TASK INSTRUCTIONS =
What is needed is an exact repeat of the lines from the one holding "- Dela ett äpple" through the final line of the data, with no pictures.

SUPPLIED DATA =
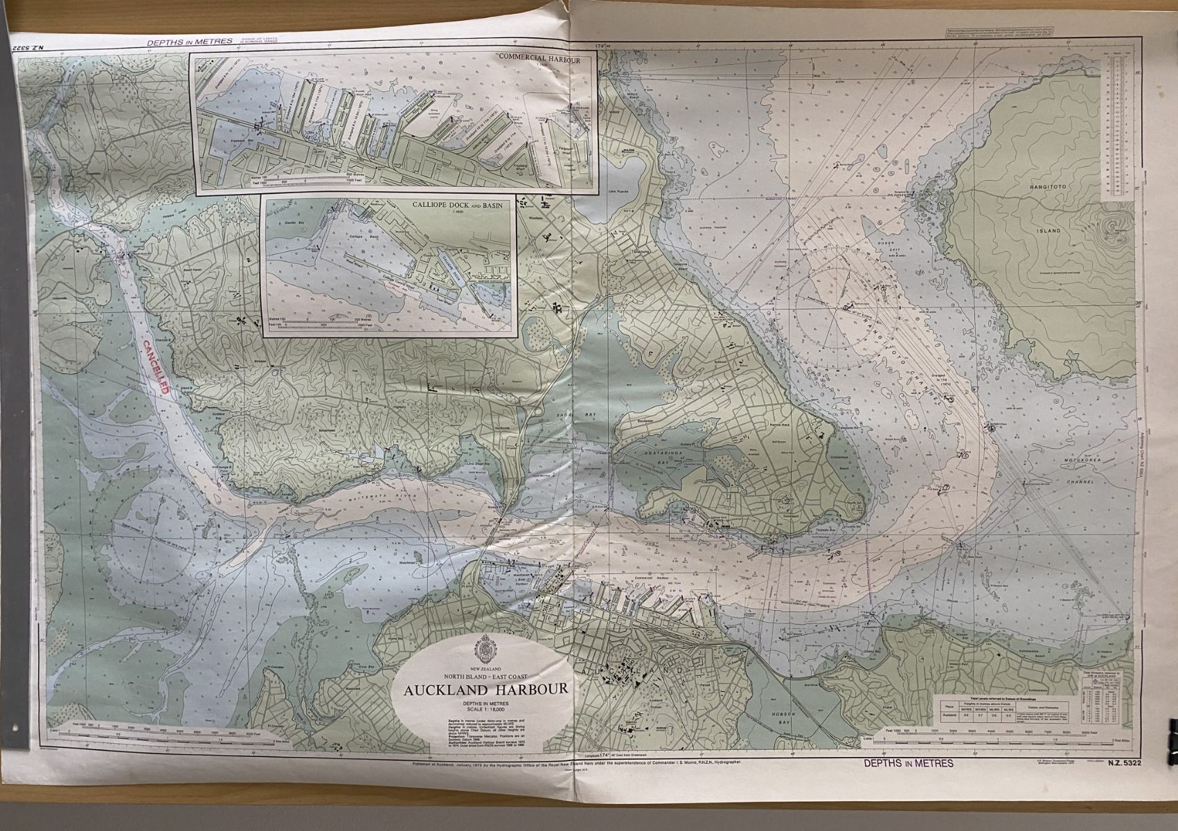 VINTAGE NAUTICAL CHART: Auckland Harbour NZ5322 1975
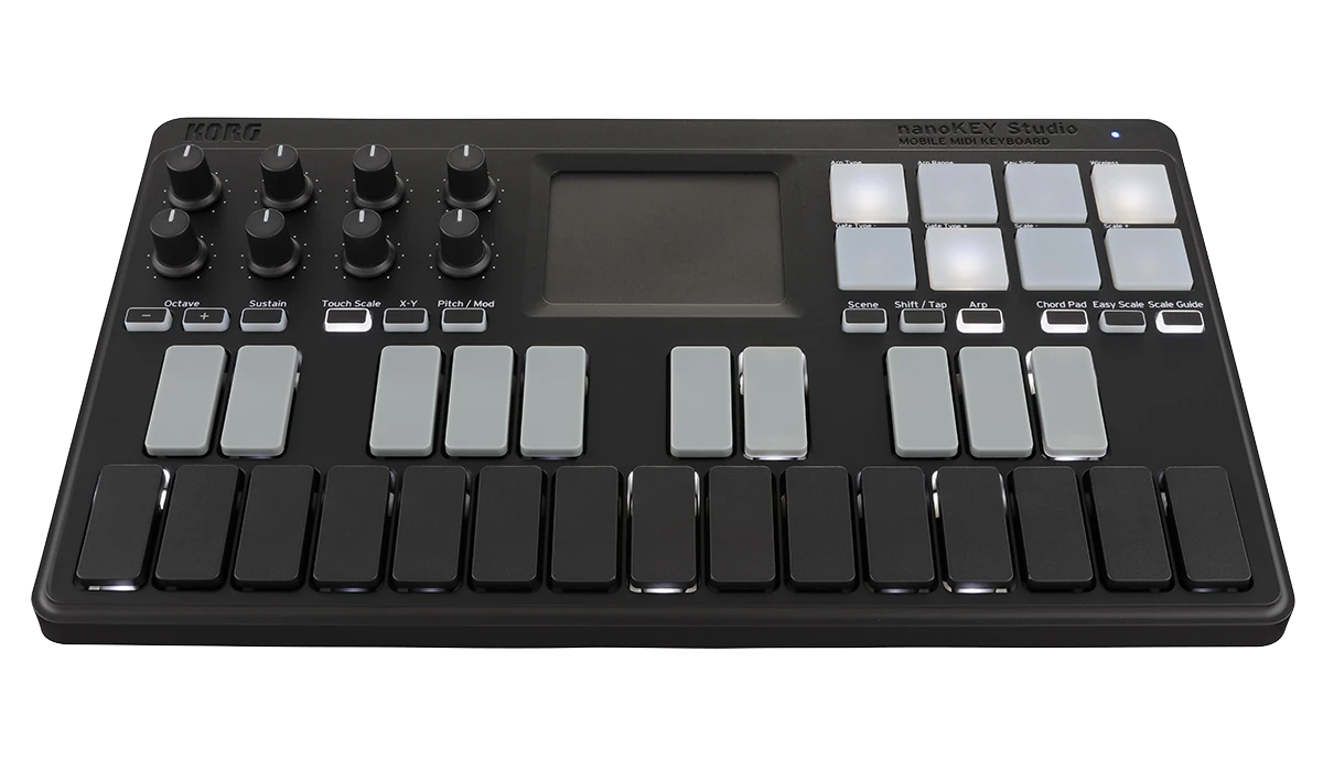 The nanoKEY Studio provides a keyboard, knobs, trigger pads, and touch pad that lets you instantly convert your inspiration into sound. It is battery operated and can connect wirelessly to iPhone/iPad or Mac/Windows. It’s a compact, mobile MIDI keyboard that is easy to travel with, allowing ease of use anytime, anywhere.
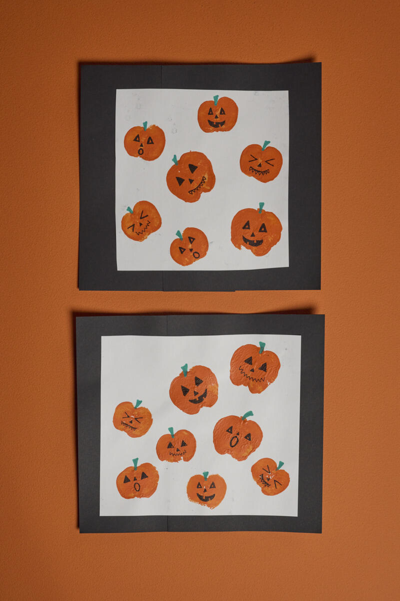 - Dela ett äpple på mitten och doppa i orange färg. Gör flera tryck på det vita pappret och låt torka.
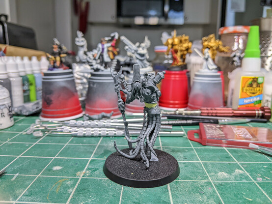 WIP on a kitbash I'm doing for a friend. She enjoys Warhammer from afar and is a fan of the Mechanicus and Necrons, so I'm making a xenarite for her!

OUTPUT OF THE TASK =
 - Dela ett äpple på mitten och doppa i orange färg. Gör flera tryck på det vita pappret och låt torka.
 WIP on a kitbash I'm doing for a friend. She enjoys Warhammer from afar and is a fan of the Mechanicus and Necrons, so I'm making a xenarite for her!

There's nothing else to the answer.